研究開発成果
※研究者の所属・肩書および参画企業等記載は課題採択または記事掲載時のものであり、現在とは異なる場合があります。
ものづくり・産業基盤
要素技術構築
電着工具向け高性能ダイヤモンド砥粒の開発
キーワード :  ダイヤモンド、砥粒、電着工具、ニッケルめっき、導電性、太陽電池
研究成果最適展開支援プログラム(A-STEP)  シーズ育成タイプ
研究開発課題名 電着ダイヤモンドワイヤ工具用高性能ダイヤモンド砥粒の開発(開発期間:平成27年12月〜平成30年3月)
プロジェクトリーダー所属機関 株式会社クリスタル光学 研究者 谷 泰弘(立命館大学)

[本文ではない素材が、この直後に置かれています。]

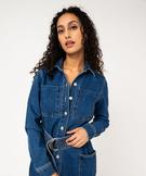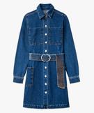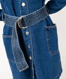 Robe en jean à manches longues avec large ceinture femme bleu clair
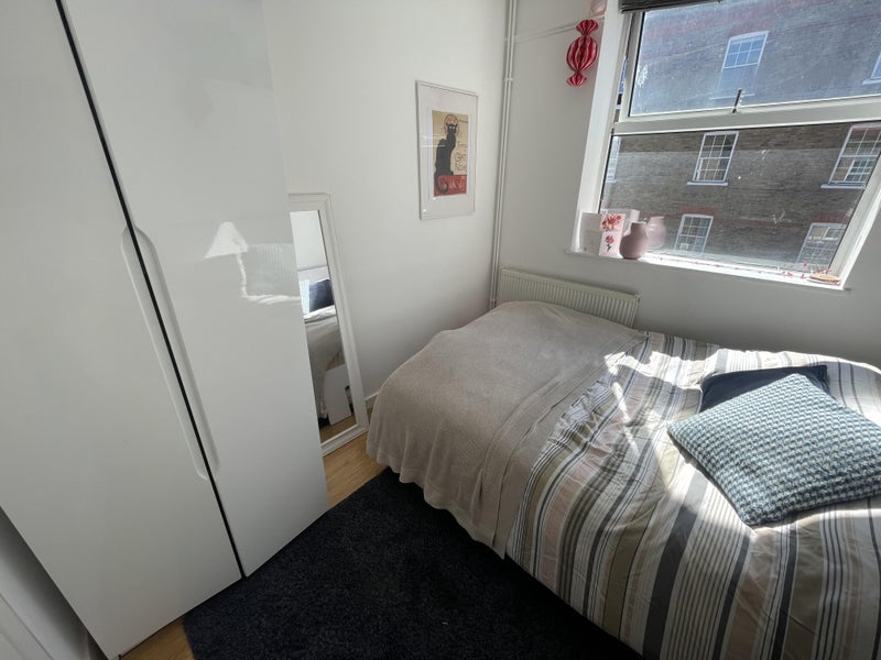Great location, super calm street and walkable to great areas like Shoreditch, Spitalfields, and Liverpool Street. Room for a desk, space not in photos but would fit!! Very well connected. 4 lovely flatmates, all uni students. They’re looking for someone they’d get along with and can have a live night with, but also respect each others space. Students only unfortunately due to Council Tax.
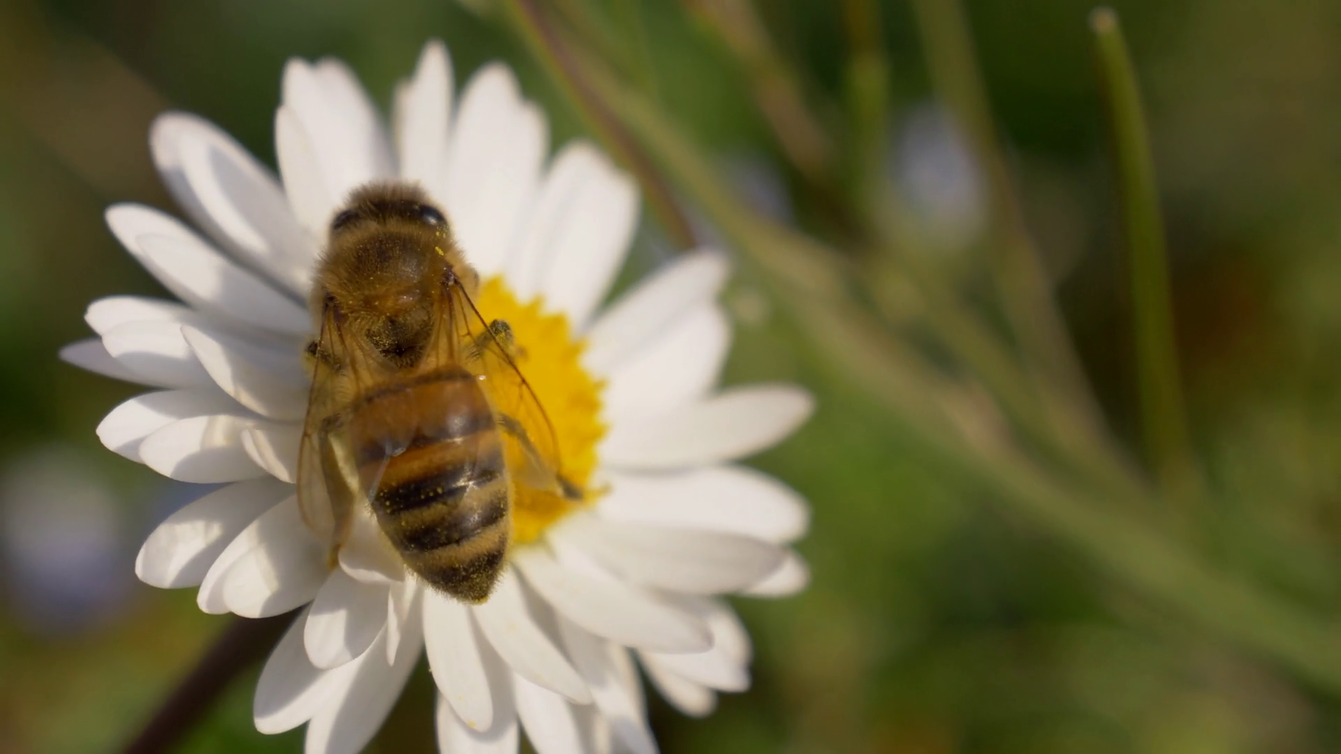 Honey Bee Collecting Nectar On A Daisy Selective Focus Shot With Shallow Depth Of FieldÂ
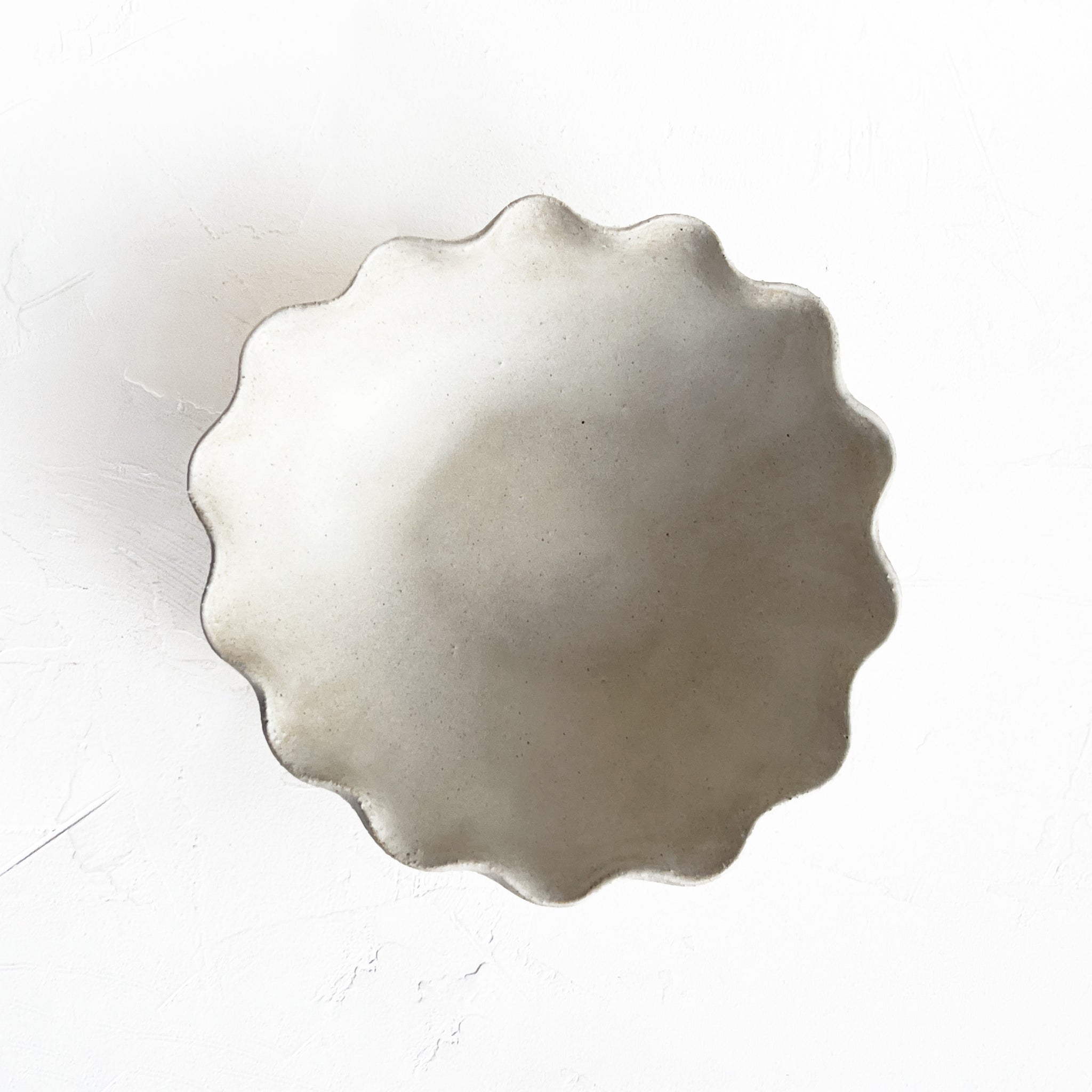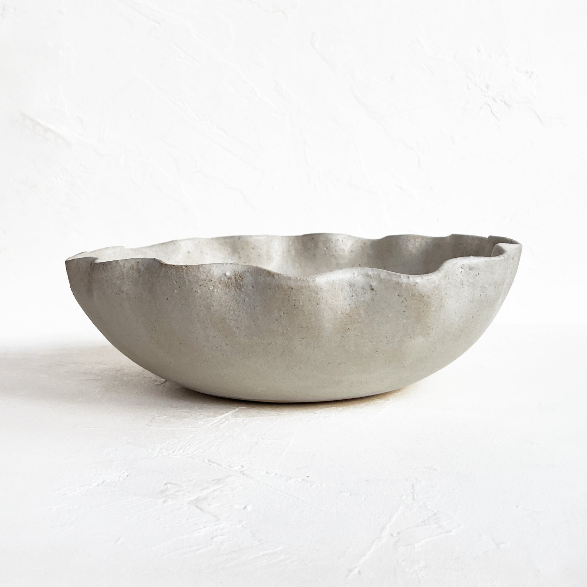 This large, handcrafted vessel in a matte cream. It is designed for practical use, is food safe, and sturdy enough for everyday use, but should be treated with care. The inside is glazed, allowing it to hold water; however, due to the semi-porous nature of the stoneware, you may notice some sweating or condensation on the bottom of the piece.
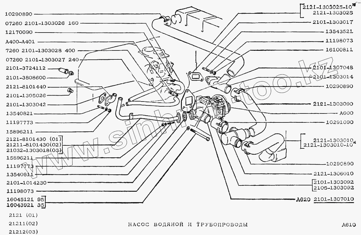 Каталог запасных частей к технике: ВАЗ-2121 (NIVA). Насос водяной и трубопроводы
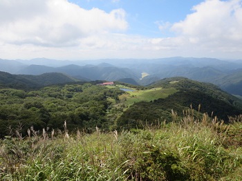 12:10 山頂から見る吾妻山ロッジ。
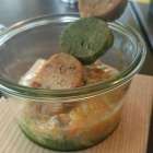 Die Portionen sind bis hierher bereits gut sättigend gewesen. Man darf sich nicht davon verleiten lassen zu glauben, es handele sich um Weckgläschen. Es sind schon recht ausgewachsene Gläser mit ordentlichem Fassungsvermögen, so dass drei Gläser pro Person absolut ausreichend sind. Daher stellen die Desserts jetzt durchaus eine gewisse Herausforderung an den Appetit dar.

太陽電池の製造に必要なダイヤモンドワイヤなど、電着工具の需要が近年拡大している。我々はこの原材料となるダイヤモンドに着目し、導電性の異なる二つの皮膜をもつ砥粒を開発した。電着工具は電気めっきで作られるが、高速製造を可能とするには、予め金属がコートされた砥粒が用いられる。一方、高導電性皮膜は砥粒の凝集を引き起こすデメリットもあるため、図1に示すように片側を高導電性、反対側を低導電性とすることでこの課題を克服することを試みた。図2は開発した砥粒のSEM観察・EDX分析結果であり、導電性の低いチタン皮膜の上に、導電性の高いTiCN皮膜がコートされている。この砥粒を用いて電着工具を製造したところ、高速製造と基材への高い付着力が確認され、同時に砥粒の凝集を抑制することができた。

成果説明画像

期待されるインパクト(効果、意義、市場規模、売り上げ予測)

これまでの工具開発において原材料である砥粒に着目した研究事例は少なく、今回開発した特性の異なる皮膜を組み合わせる概念は導電性以外にも応用可能であり、今後の電着工具を飛躍的に高める可能性を秘めている。日本の“ものづくり”が得意とする川上に近い開発であり、与えるインパクトも大きい。

開発者の声

シーズを開発した立命館大学 谷研究室、および表面処理の専門家であるアイテック株式会社と共同で開発を行うことで、単独では不可能な内容とスピード感をもって研究を進められた。今後、この技術を日本の“ものづくり力”の底上げにつなげられるよう、開発を継続していく。